WORK INSTRUCTIONS — Exactly as they stand, copy the lines from the one containing "そして、こちらが腰壁の近影で" to the final line of the data; leave out the pictures.

DATA EXTRACT —
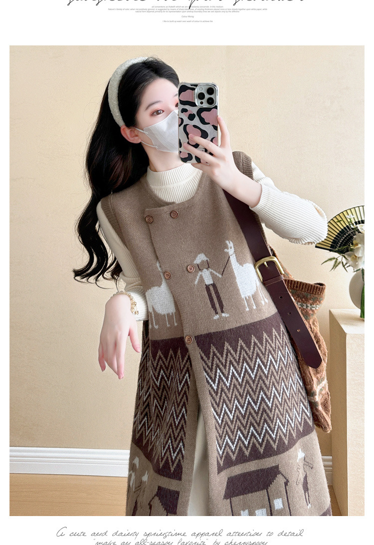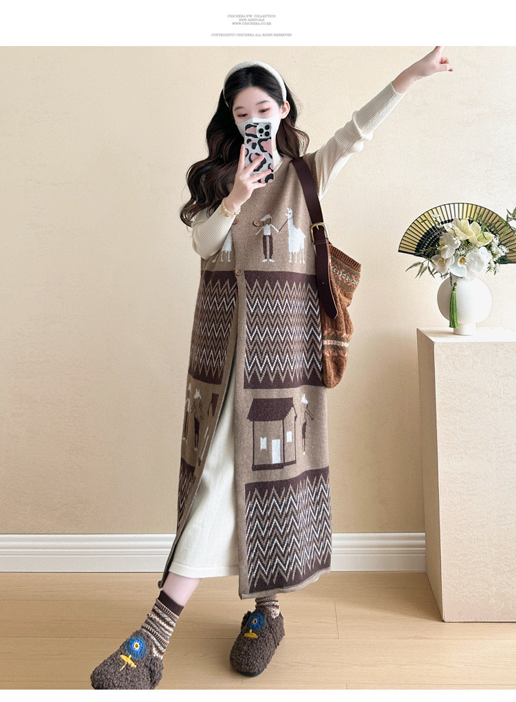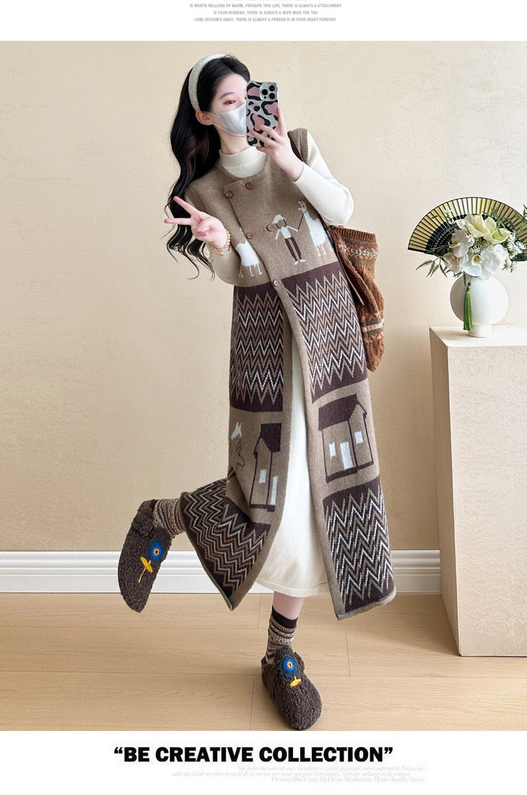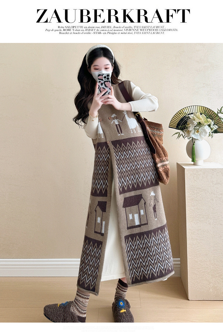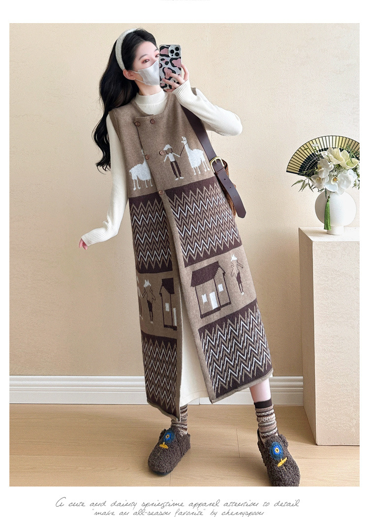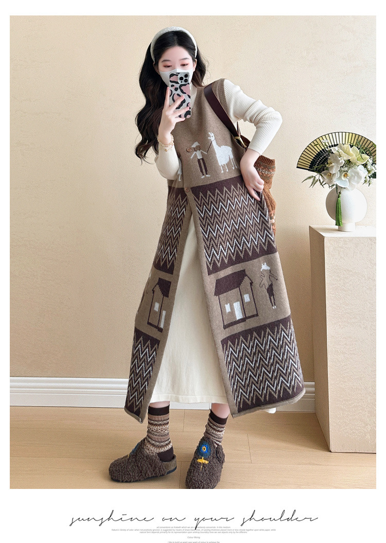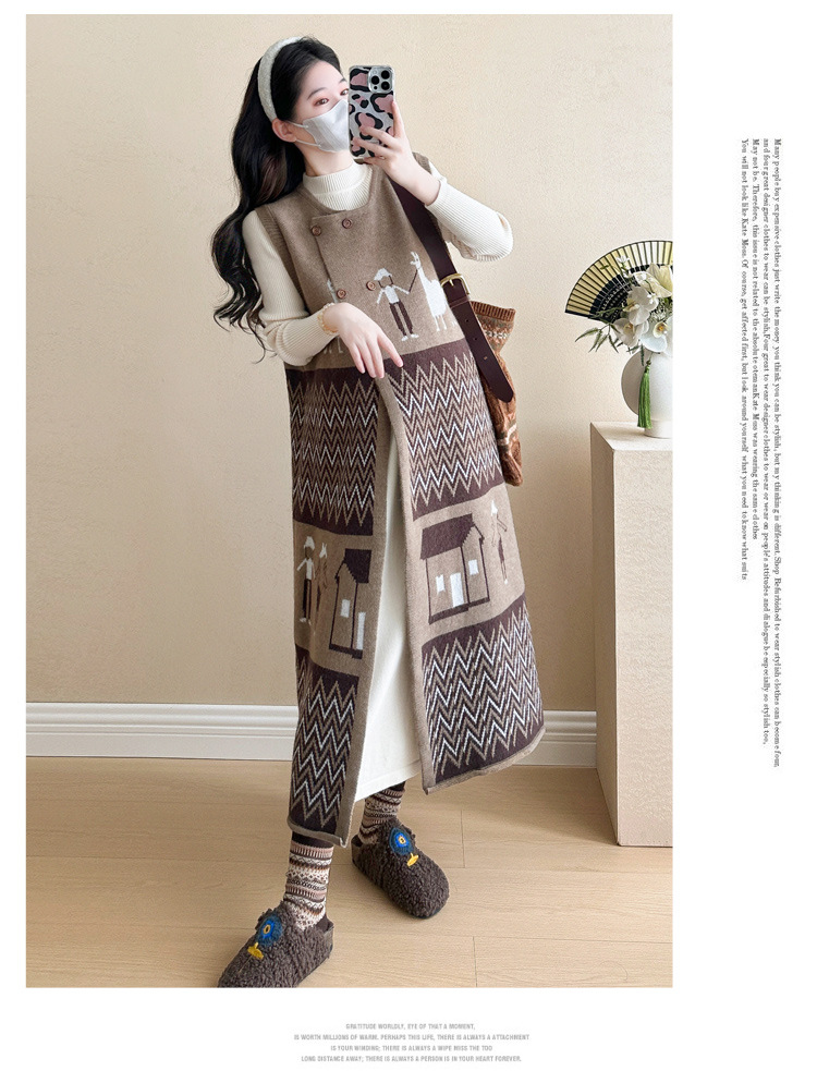 Одежда для беременных 2024 новый осенний ретро трикотажный жилет платье для беременных мам набор из двух частей осенний и зимний набор прилив
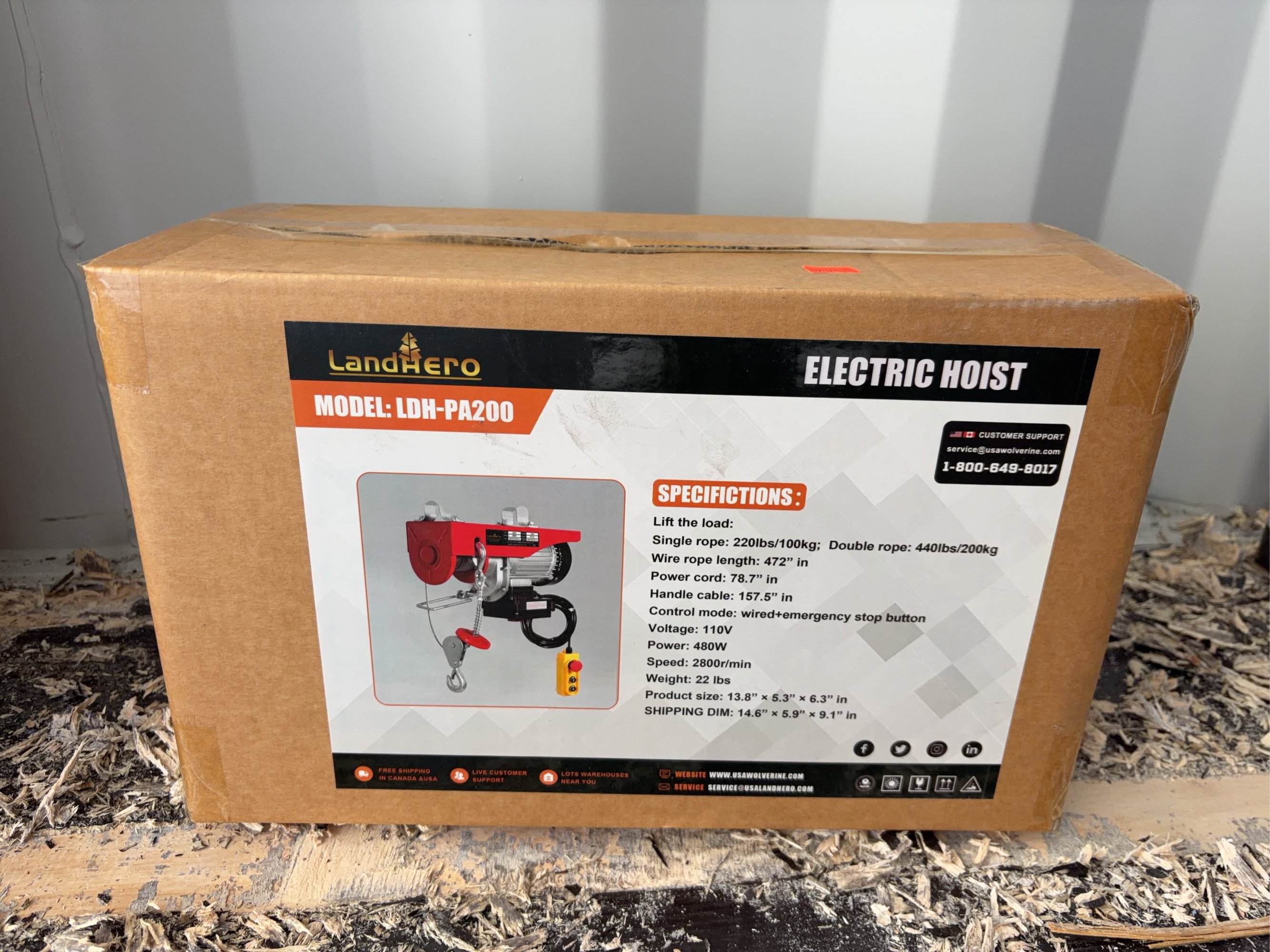 12023 Land Hero electric hoist model LDH-PA200 in factory sealed box,
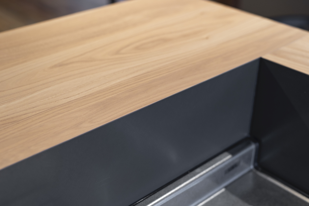そして、こちらが腰壁の近影です。上段の美しい木目と、下段の黒いマテリアルの対比がとっても美しい仕上がりになっています。そんな中で、大工さんの手仕事としてぜひ見て頂きたいポイントは「上段と下段の間の溝」なんです。
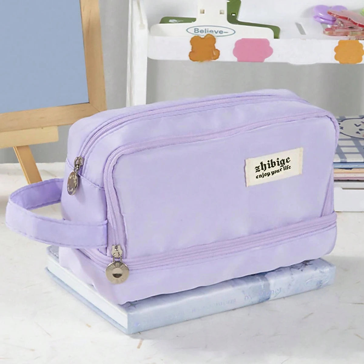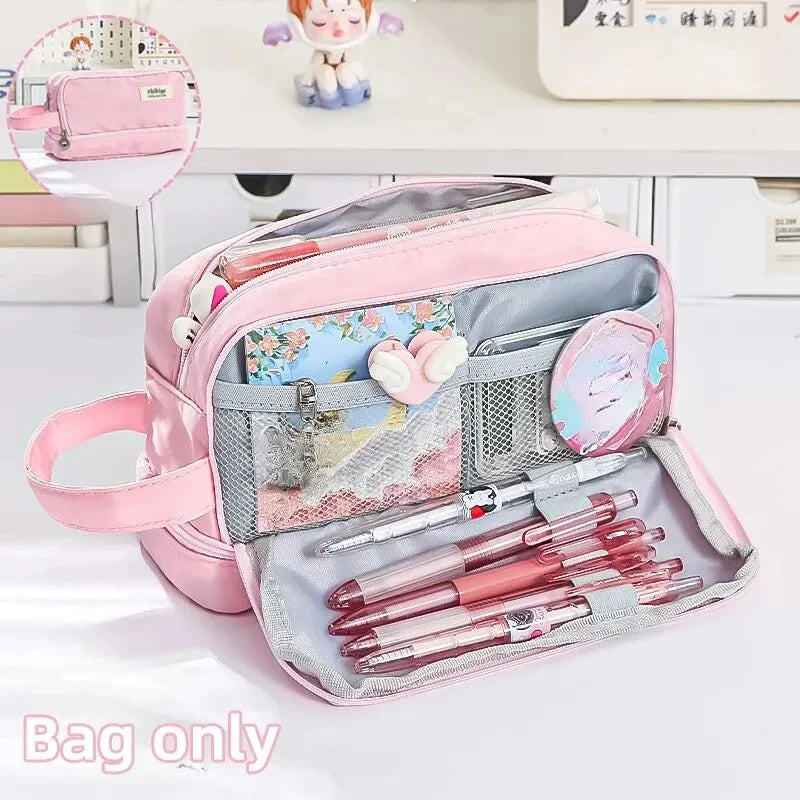 Macaron Pencil Case Double layer Large Capacity pencil bag Cute Back to School Stationery Supplies Schools

RESULT OF THIS EXERCISE —
そして、こちらが腰壁の近影です。上段の美しい木目と、下段の黒いマテリアルの対比がとっても美しい仕上がりになっています。そんな中で、大工さんの手仕事としてぜひ見て頂きたいポイントは「上段と下段の間の溝」なんです。
 Macaron Pencil Case Double layer Large Capacity pencil bag Cute Back to School Stationery Supplies Schools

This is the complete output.